Shades of 1999
Around 1998 it became trendy to rebrand existing companies with a “.com” at the end.
And it made sense. Doing so got you written up in the Wall Street Journal… and likely sent your stock price soaring.
We saw a similar trend unfold about 20 years later during the first Bitcoin craze in 2017 with the most absurd example Long Island Ice Tea Corp renaming itself Long Blockchain Corp.
And more recently, we’ve seen plenty of AI rebranding. As an example, Sarcos Technology & Robotics Corporation rechristened itself Palladyne AI last year.
Now we’ve entered a strange new phase of name associations. Mere mention of a deal with ChatGPT creator OpenAI is enough to send a company’s share price soaring.
From Bloomberg this morning:
AMD’s deal with OpenAI will go down as one for the stock-market history books, kicking off a 24% one-day gain that added $63 billion to its market value. Last month, Oracle surged 36% in a single session after it gave blockbuster guidance for its cloud business, including an agreement with OpenAI worth $300 billion over five years.
It’s not just jumbo deals — a mere mention at OpenAI’s annual developers event was enough to push up a whole host of stocks, like Figma, HubSpot and Salesforce. Most were named as partners whose apps are being incorporated into ChatGPT. Even CEO Sam Altman admitted his company’s impact on other stocks is “weird.”
ChatGPT is amazing. I use it daily. At this point, I would struggle to function without it.
But OpenAI isn’t profitable. It’s projected to burn through $115 billion by 2029. Given its massive investment needs to stay competitive with Grok, Anthropic and the rest, it may never be profitable. And it constantly runs the risk that an upstart like China’s DeepSeek will be able to match or exceed it at a lower cost.
So, what happens to Nvidia, AMD and the rest if OpenAI hits a bump in the road and has to scale back?

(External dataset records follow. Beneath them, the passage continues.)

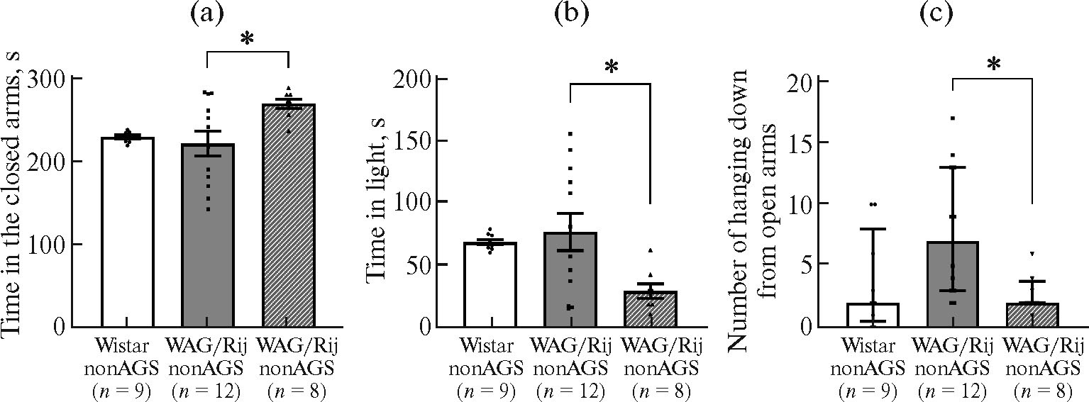 Рис. 3. Тест «Приподнятый крестообразный лабиринт». Сравнение групп «Wistar-nonAGS», «WAG/Rij-nonAGS» и «WAG/Rij-AGS». (a) – время в закрытых рукавах, * p < 0.05, One-way ANOVA с поправкой Тьюки на множественное сравнение, данные представлены в виде M ± SEM; (b) – время на свету, * p < 0.05, One-way ANOVA с поправкой Тьюки на множественное сравнение, M ± SEM; (c) – количество свешиваний с открытых рукавов, *p < 0.05, критерий Крускала – Уоллиса с использованием теста Данна для множественного сравнения, Me ± IQR.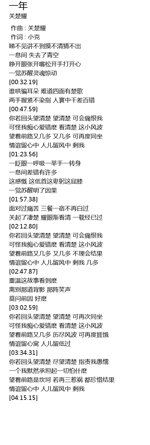 | [00:00.00] | zuò qǔ : guān chǔ yào |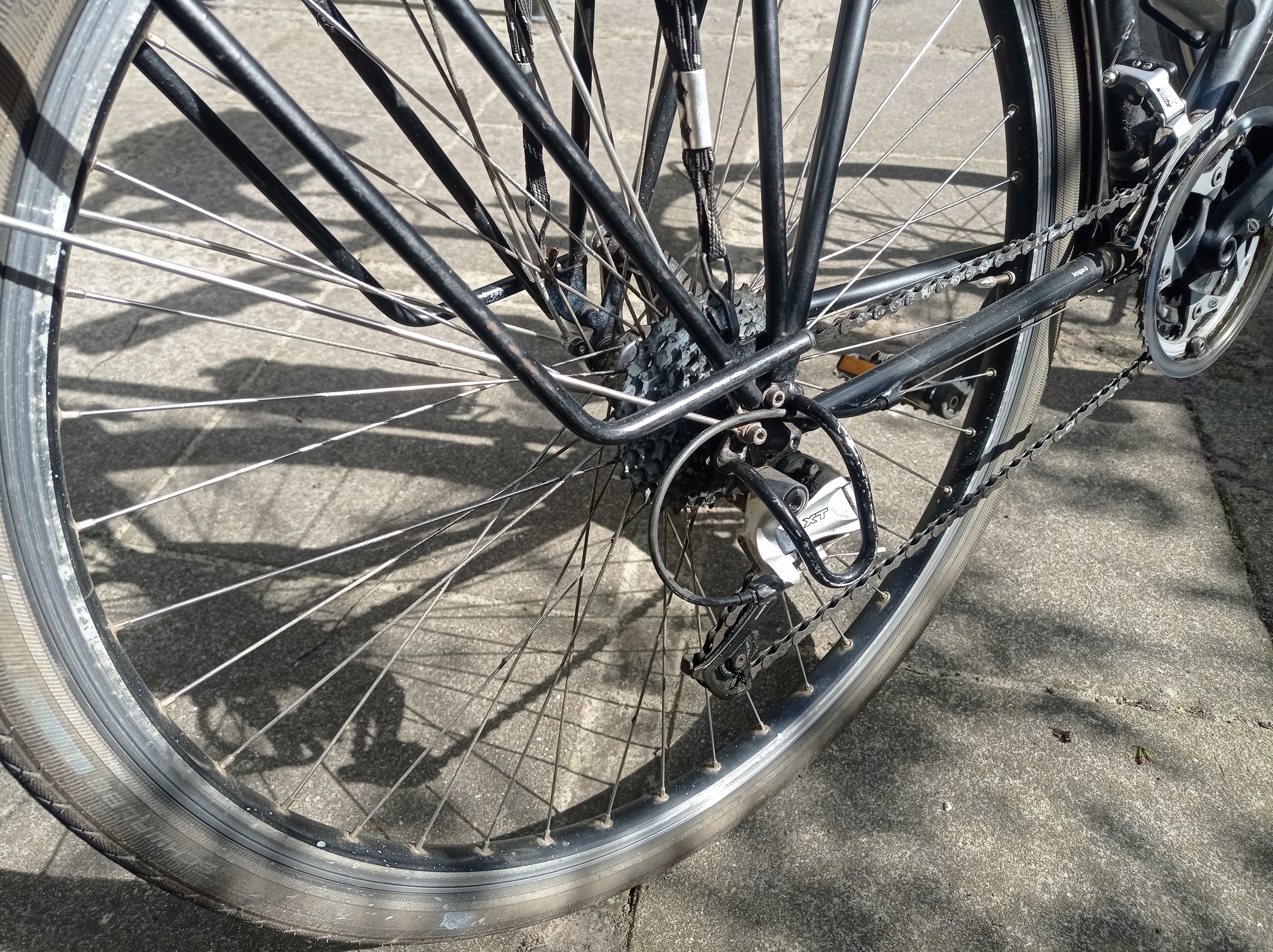 Het betreft een klassieker dus geen e-bike, geen Rohloff naaf, geen riem. Wel is de fiets Shimano Deore XT afgemonteerd met o.a. derailleur (3x9);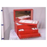 Large red jewelry box with lift top, multiple compartments and shelves; 913-149 - mirror under lid - 16.5x10.5x10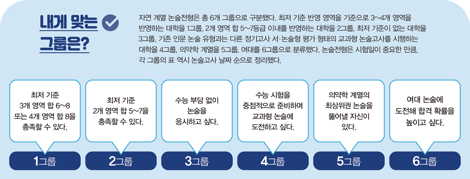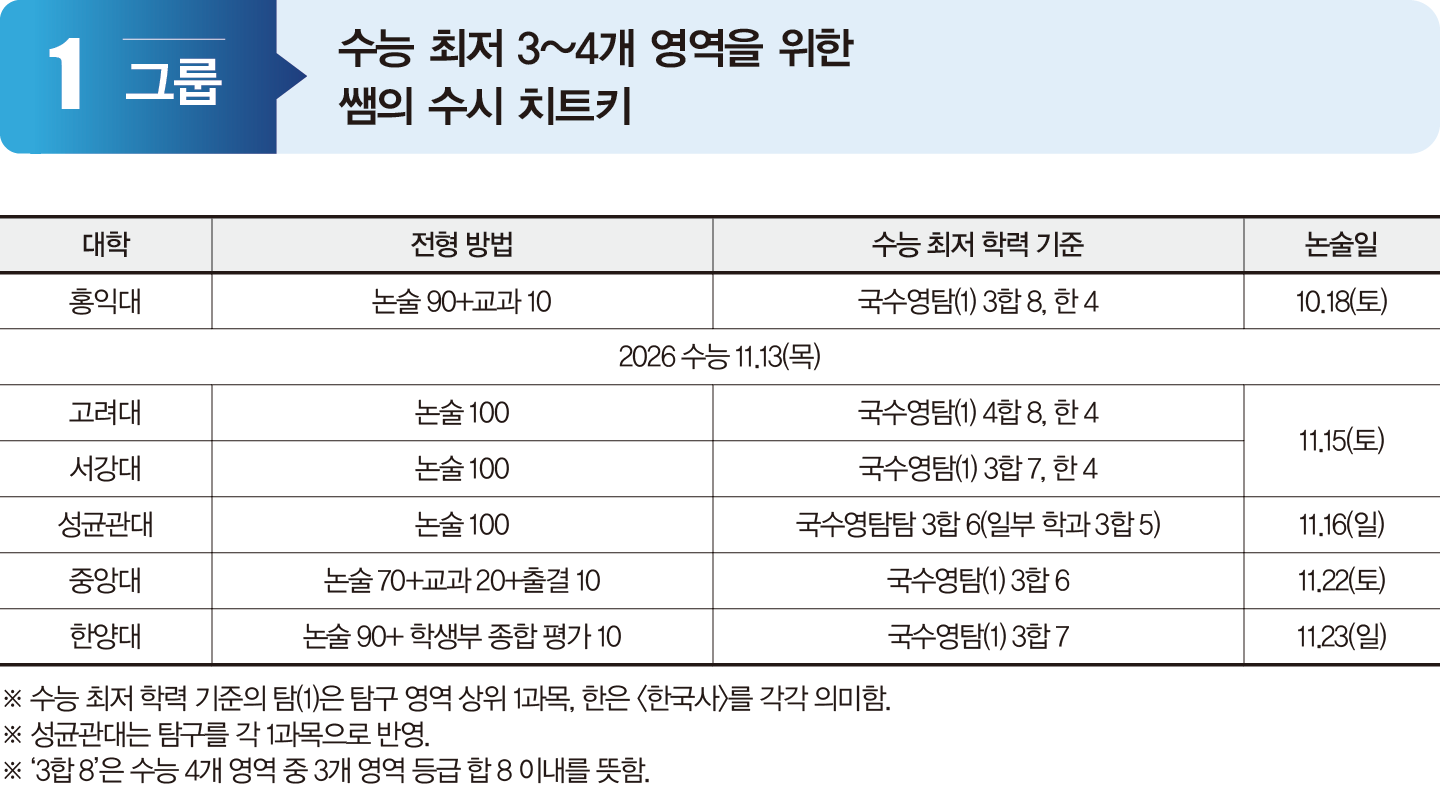 1그룹 대학은 학생 선호도가 높은 만큼 경쟁률도 상당히 높지만 최저 기준을 고려한 실질 경쟁률은 크게 감소한다. 예를 들어 2025학년 고려대의 논술전형의 최초 경쟁률은 64.88:1을 기록했으나 입학처 공개 논술 결시율 57.2%와 응시자의 최저 충족률 51.7%를 반영한 실질 경쟁률은 9.13:1이었다. 따라서 6, 9월 모의평가 성적이 희망 대학의 최저 기준을 충족하는지 확인한 후 지원을 고려해야 한다.

We’ve seen this movie before.
In 2000, it became painfully obvious that internet infrastructure was overbuilt. And in the shakeout that followed, Intel and Cisco Systems — the two most critically important suppliers to the internet revolution — both fell over 80%. Neither has ever made it back to its old 2000 highs…. more than 25 years later.
Are we looking at a similar crash this time around?
I don’t have a crystal ball. But I’d point out that technology accounts for more than a third of the S&P 500 today. It was only 15% back in 1999.
So, if we do see another tech bust, it’s really going to hurt this time around.